• [EXERCISE]
Omit the images and return the remaining entries unchanged.

• [Dataset items]
————————
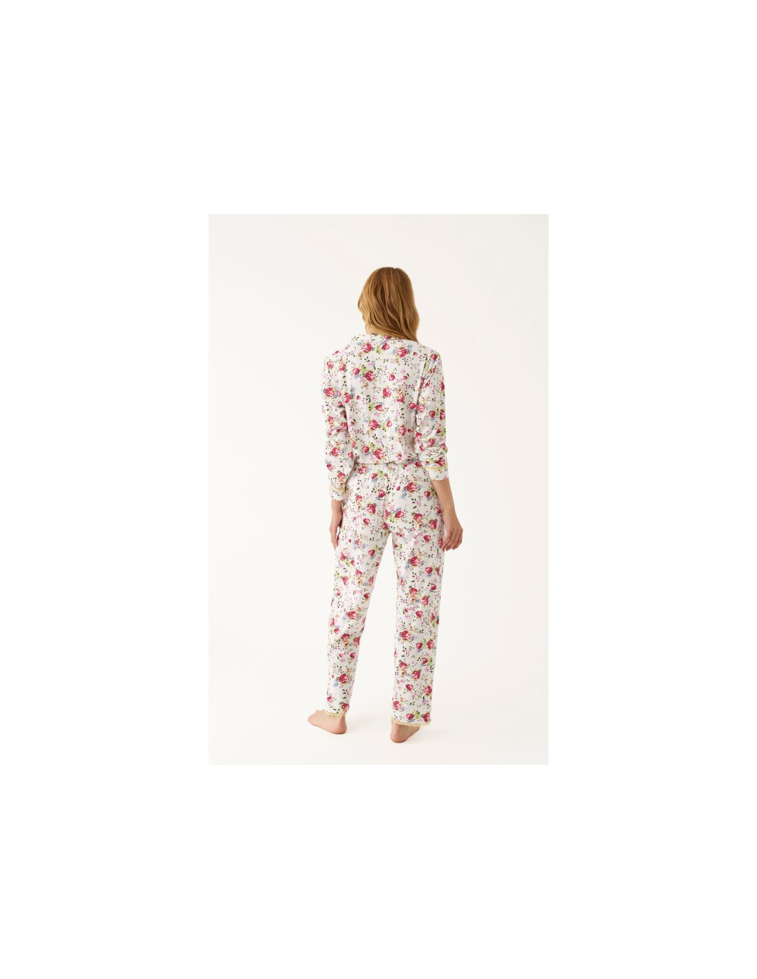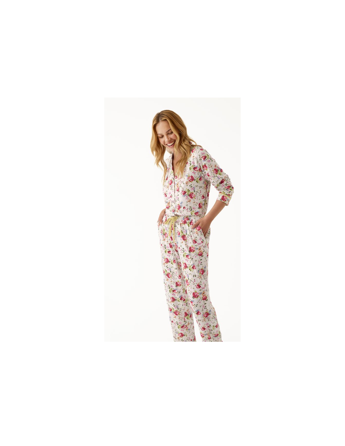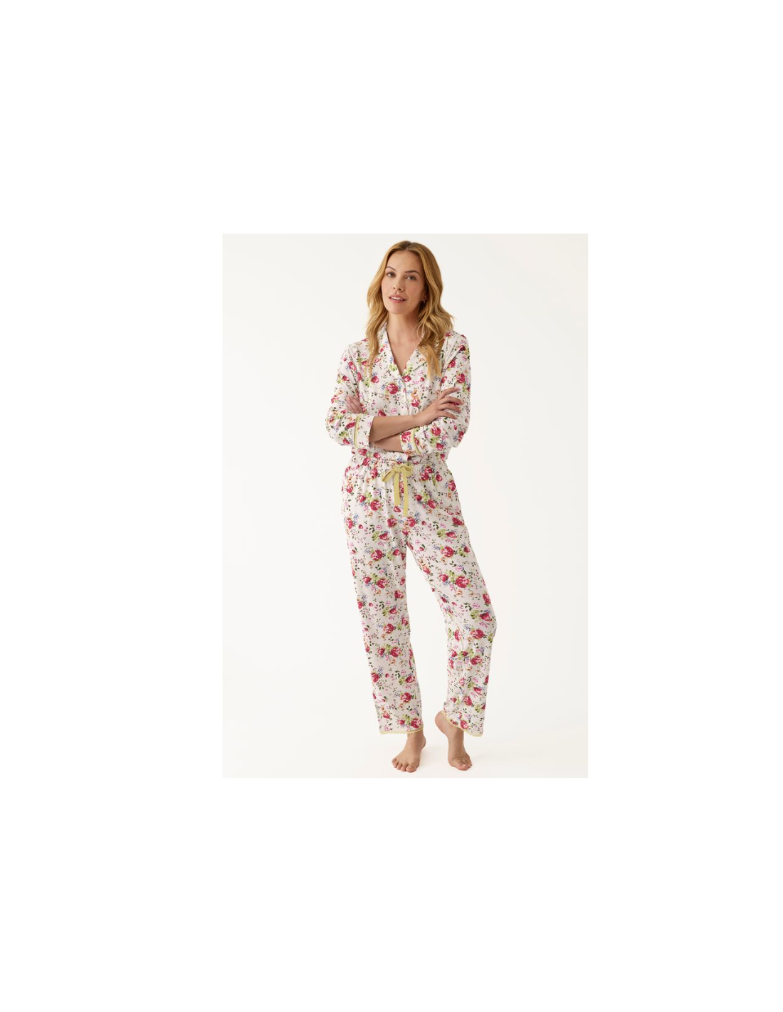 Elegante pijama de mujer largo  con estampado floral en tonos lila, rosa y verde.
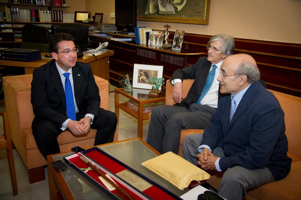 El presidente del Parlamento de Extremadura, Fernando Manzano, y la vicepresidenta primera de la Mesa de la Cámara regional, Consuelo Rodríguez, han recibido este martes de manos del presidente de la 'Fundación Juan de Ávalos', Juan de Ávalos, sendas medallas honoríficas en reconocimiento a la labor de difusión realizada por la Asamblea de la obra de este artista emeritense.
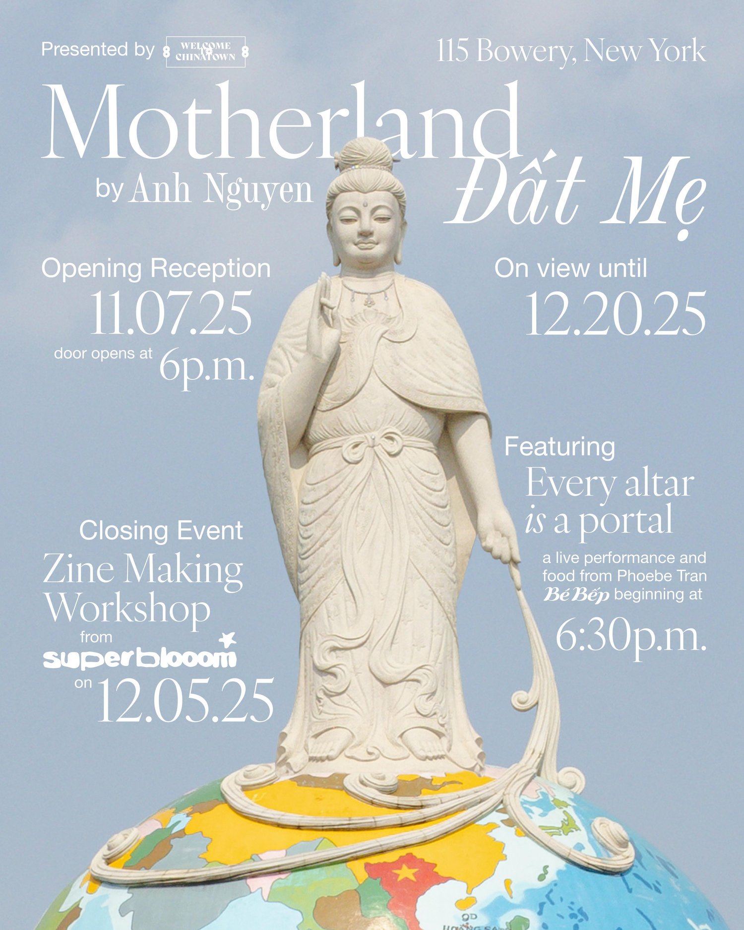 The opening reception features “Temple of Memory,” an altar and culinary performance from Phoebe Tran (@bebep.babykitchen) Performance starts at 6:30pm. There will also be a pop-up “temple canteen” serving sliding-scale Buddhist vegetarian food.
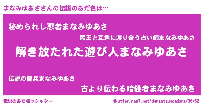 | 男性向けラノベタイトル風あだ名 | 『まなみゆあさの嫁は女の子じゃないと思った?』 |
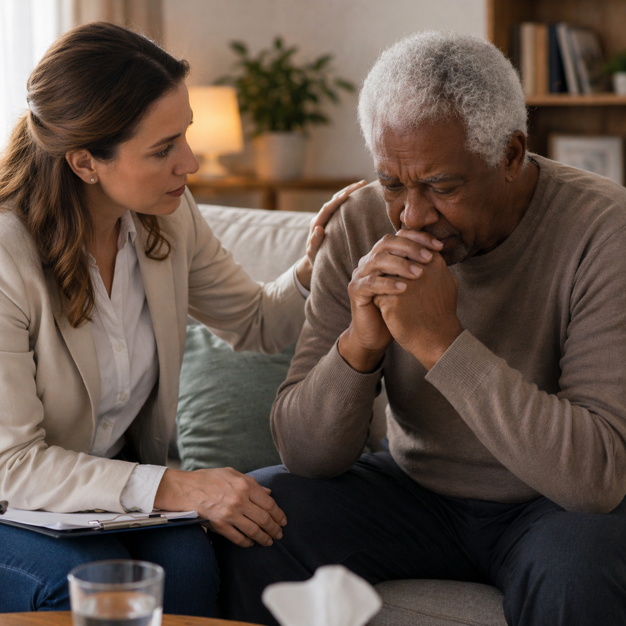 Apoio emocional para reduzir a ansiedade e fortalecer o bem-estar da família e do paciente.
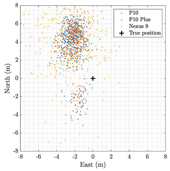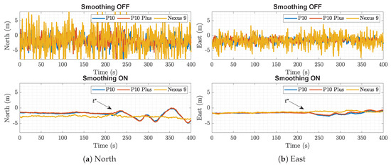 To explore further, Figure 12 was reported to see the solutions against time, and it is seen that there was an event around , after which the stability of the Huawei devices worsened. This coincided with the duty-cycle effect seen in the raw measurements, and the comparison of the raw measurements with the positions can be seen in Figure 13. From the figure, it can be established that this event was limited to the Huawei devices and not due to any instability of the signal coming in, as there was no seen effect on the or the Nexus 9 device. Table 3 details the error and precision before and after the event in the devices, and it has to be noted that the North direction was affected the most, as seen from the above figures as well. The big changes in mean and standard deviation of the Huawei devices were evident when compared to the Nexus 9.
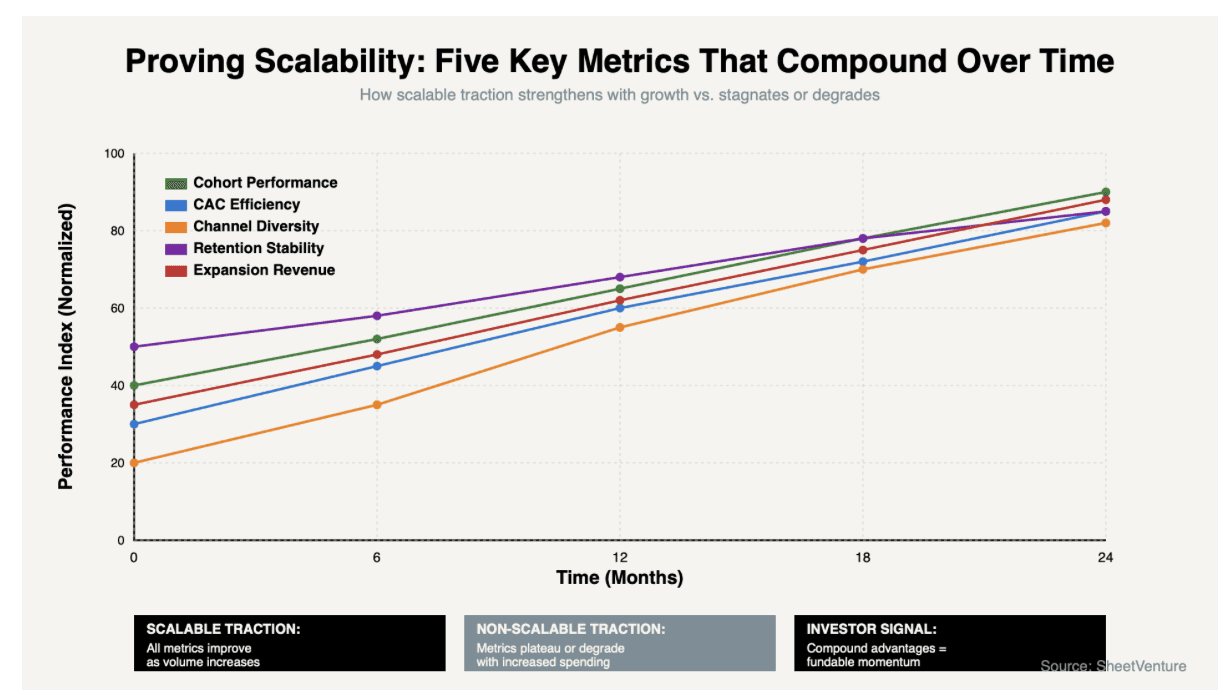 Founders prove scalability through five evidence types: cohort performance improving over time, CAC decreasing with volume, multiple acquisition channels working profitably, retention curves flattening at healthy levels, and expansion revenue accelerating.
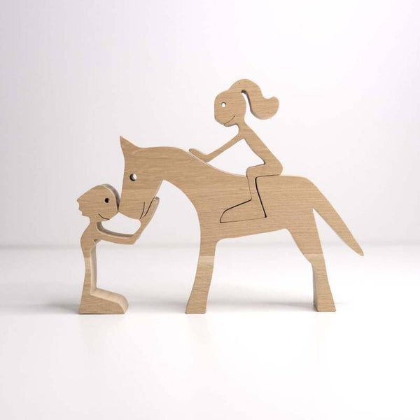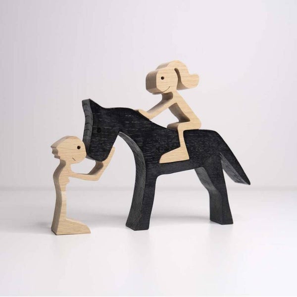 Denne træfigur i egetræ er mere end bare en figur – den repræsenterer det særlige bånd, der findes mellem hest og menneske. Et bånd bygget på tillid, loyalitet og kærlighed. Figuren kan fungere som en daglig påmindelse om det venskab og den glæde, vores firbenede følgesvende giver os.
————————
• [YOUR RESPONSE]
 Elegante pijama de mujer largo  con estampado floral en tonos lila, rosa y verde.
 El presidente del Parlamento de Extremadura, Fernando Manzano, y la vicepresidenta primera de la Mesa de la Cámara regional, Consuelo Rodríguez, han recibido este martes de manos del presidente de la 'Fundación Juan de Ávalos', Juan de Ávalos, sendas medallas honoríficas en reconocimiento a la labor de difusión realizada por la Asamblea de la obra de este artista emeritense.
 The opening reception features “Temple of Memory,” an altar and culinary performance from Phoebe Tran (@bebep.babykitchen) Performance starts at 6:30pm. There will also be a pop-up “temple canteen” serving sliding-scale Buddhist vegetarian food.
 | 男性向けラノベタイトル風あだ名 | 『まなみゆあさの嫁は女の子じゃないと思った?』 |
 Apoio emocional para reduzir a ansiedade e fortalecer o bem-estar da família e do paciente.
 To explore further, Figure 12 was reported to see the solutions against time, and it is seen that there was an event around , after which the stability of the Huawei devices worsened. This coincided with the duty-cycle effect seen in the raw measurements, and the comparison of the raw measurements with the positions can be seen in Figure 13. From the figure, it can be established that this event was limited to the Huawei devices and not due to any instability of the signal coming in, as there was no seen effect on the or the Nexus 9 device. Table 3 details the error and precision before and after the event in the devices, and it has to be noted that the North direction was affected the most, as seen from the above figures as well. The big changes in mean and standard deviation of the Huawei devices were evident when compared to the Nexus 9.
 Founders prove scalability through five evidence types: cohort performance improving over time, CAC decreasing with volume, multiple acquisition channels working profitably, retention curves flattening at healthy levels, and expansion revenue accelerating.
 Denne træfigur i egetræ er mere end bare en figur – den repræsenterer det særlige bånd, der findes mellem hest og menneske. Et bånd bygget på tillid, loyalitet og kærlighed. Figuren kan fungere som en daglig påmindelse om det venskab og den glæde, vores firbenede følgesvende giver os.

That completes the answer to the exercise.